Mystery of the contradicting abilities of the AMPK enzyme in cancer growth finally solved.
Genetically engineered lung tumors – solid purple. Credit: Salk Institute.
Previously thought to suppress tumor growth by slowing cell metabolism, the AMPK enzyme has long confused researchers with its seemingly contradicting ability to help some tumors grow.
In a study recently published in Cell Metabolism, researchers from the Salk Institute (CA, USA) have solved the mystery surrounding the protein complex. The results showed that in late-stage lung cancers the enzyme’s cellular recycling signal can be activated, leading to the cannibalization of pieces of the cell. This then provides tumors with nutrients necessary for their growth.
The onco-suppressing or promoting activity of AMPK is dependent on the context and size of the tumor in question. In healthy cells or small tumors, the AMPK protein can slow cell growth and modulate cellular metabolism based on availability of nutrients. In previous studies, Reuben Shaw, senior author on the current paper, has demonstrated the onco-suppressing ability of AMPK by halting the faster metabolism that occurs in tumors.
Using mice models, the team showed that when tumors are large enough, the cells in the center have limited access to necessary nutrients, which leads to the activation of the enzyme and the triggering of the cellular recycling pathway via the promotion of Tfe3 gene expression.
“Our study shows that the same dysfunction in a genetic circuit that causes non-small-cell lung cancer to begin with is necessary for more mature tumor cells to survive when they don’t have enough nutrients,” commented Reuben Shaw, senior author of the paper.
“It’s exciting because not only does it solve a genetic ‘whodunnit,’ but it also points to a potential new therapeutic target for a cancer that is often diagnosed very late.”
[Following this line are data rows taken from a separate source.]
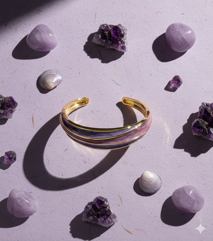 A delicate cuff with soft lavender tones, adding a dreamy and elegant charm to your look. Subtle, graceful, and effortlessly stylish.
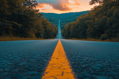 An asphalt road stretches into the distance, framed by trees under a colorful sunset. The scene displays warm colors and strong lighting. Suitable for travel, editorial, or commercial projects. The perspective is low angle with emphasis on the road markings.
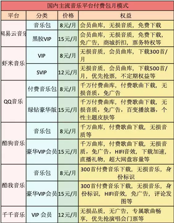 目前,国内主流音乐平台均推出了音乐包和VIP等为主的付费订阅制度,以区分普通用户。其中,8元级别的音乐包与15元(12元)级别的超级VIP用户的差异,主要集中在于音乐相关的增值服务。
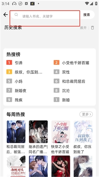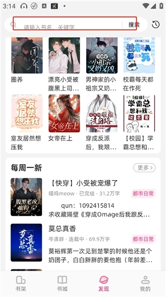 1、打开海棠书城App,进入书城首页后,点击搜索栏即可通过书名进行搜索;
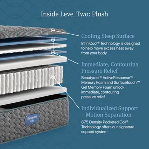 Beautyrest® ActiveResponse™ Memory Foam is designed to help alleviate aches and pains, while SurfaceTouch™ Gel Memory Foam is quilted directly into the surface to unlock instant pressure relief
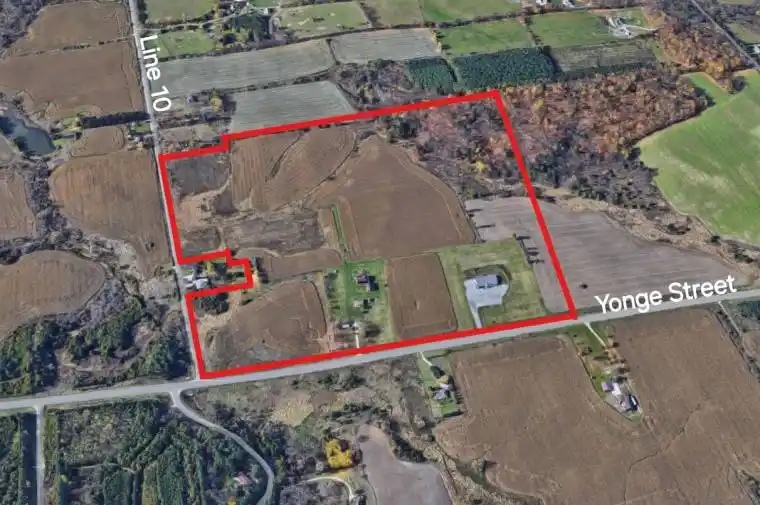 A Perfect Investment Opportunity To Purchase 100 Acres Of Farmland In An Excellent Location. Just Beside Bustling Yonge St. Connectivity To Highway 404, Highway 400, And Bradford Bypass (Future 404 And 400 Highway Connection). With A 2182 Feet Frontage Along Yonge St and 1392 Feet Frontage Along Line 10. Corner Location, High Exposure. Close To Yonge Street Widening Project. Located On The Border Of York And Simcoe, In An Area Of Major Developer Held Lands For Residential And Neighborhood Commercial Developments. This Property Features A Cozy 1,500 to 2,000 Sq. Ft. Four-Bedroom House; A 10,000 Sq. Ft. Warehouse Equipped With Office, Washroom, Heating, AC And 600 Amp Hydro Service; One Detached Garage, Two Barns And A Workhouse. The Farmland Supports A Thriving Farm Market Business And Is Leased For Cash Crop Cultivation. The Warehouse Offers Excellent Potential For Generating Rental Income, Making This A Versatile Investment Opportunity. **EXTRAS** The Property Generates Several Streams Of Income. The Income Info Can Be Provided By Signing An NDA. Vendor Take Back Mortgage Is Possible For Qualified Buyers. Please Find The Marketing Brochure In The Attachment.
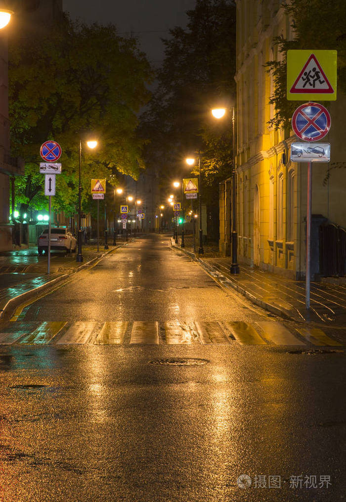 安静的城市街道在雨夜背景
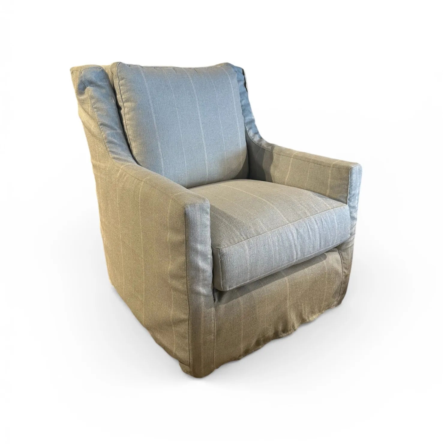 The Lainey Slipcover XL Accent Glider combines smooth 360‑degree swivel motion with gentle, soothing glide for effortless comfort. Its tailored slipcover design pairs with plush feather‑blend or Comfort Chic cushioning to create a relaxed, inviting seat ideal for living spaces or nurseries. Stylish and cozy, it brings easy‑care elegance and everyday comfort to any room.
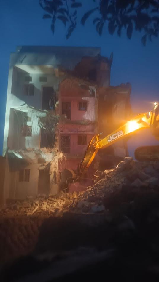 એસ્ટેટ શાખાની ટીમ દ્વારા ચાલુ વરસાદે ચાર માળનું બિલ્ડિંગ તોડી પાડવા કાર્યવાહી
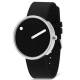 Picto armbåndsuret har en sort roterende urskive, sort silikonerem og et poleret stålspænde i et minimalistisk dansk design fra 1984. Med 45 mm kabinet i rustfrit stål, hærdet mineralglas og 5 ATM vandtæthed forener det funktion og æstetik. Det ikoniske ur med en prik og en streg viser tiden på sin helt egen måde – stilrent og ikonisk.
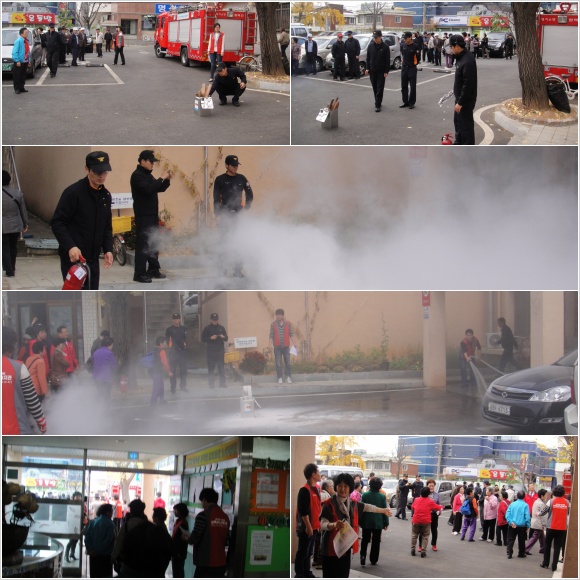 훈련내용은 실내에서 소화기 사용법과 화재시 대피방법을 실시 하였고
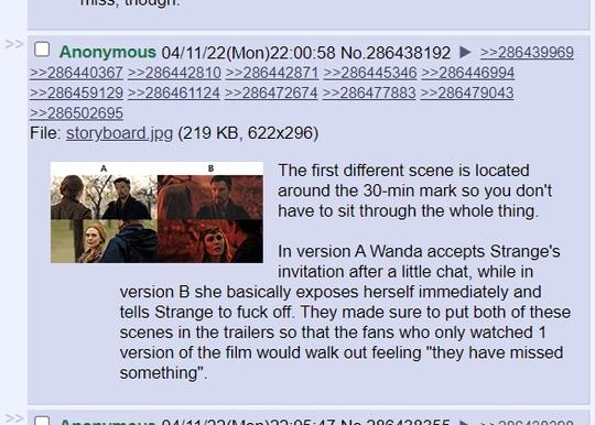 據消息指,版本是去年底有傳在洛杉磯「額外補拍」6星期的內容,兩個版本除了片長不同,劇情走向亦大有分別,直接影響 「紅女巫」和黑化版「奇異博士」是否成為終極反派。Marvel主席Kevin Feige對此安排大感興奮,認為隨機上映,正好展現「多元宇宙」的概念,吸引Marvel粉絲一睇再睇,有助提高票房,說不定為Marvel電影再創新紀錄。不過,不少網民都大感不爽,認為Marvel此舉只為提升票房,戲虐指是「美元宇宙」,並大嘆睇戲如抽獎,而且容易中伏,「睇兩次都同一個版本咪中伏?」

This new discovery may change the way tumors are treated. Lillian Eichner, the paper’s first author, explained: “Previously we were focused on how we could activate AMPK. Now that we’ve identified this mechanism, we can shift to how to inhibit it in certain cancers.”
“We’re excited because more advanced tumors seem to rely on AMPK to survive, and understanding this mechanism means we may be able to treat them” added Shaw.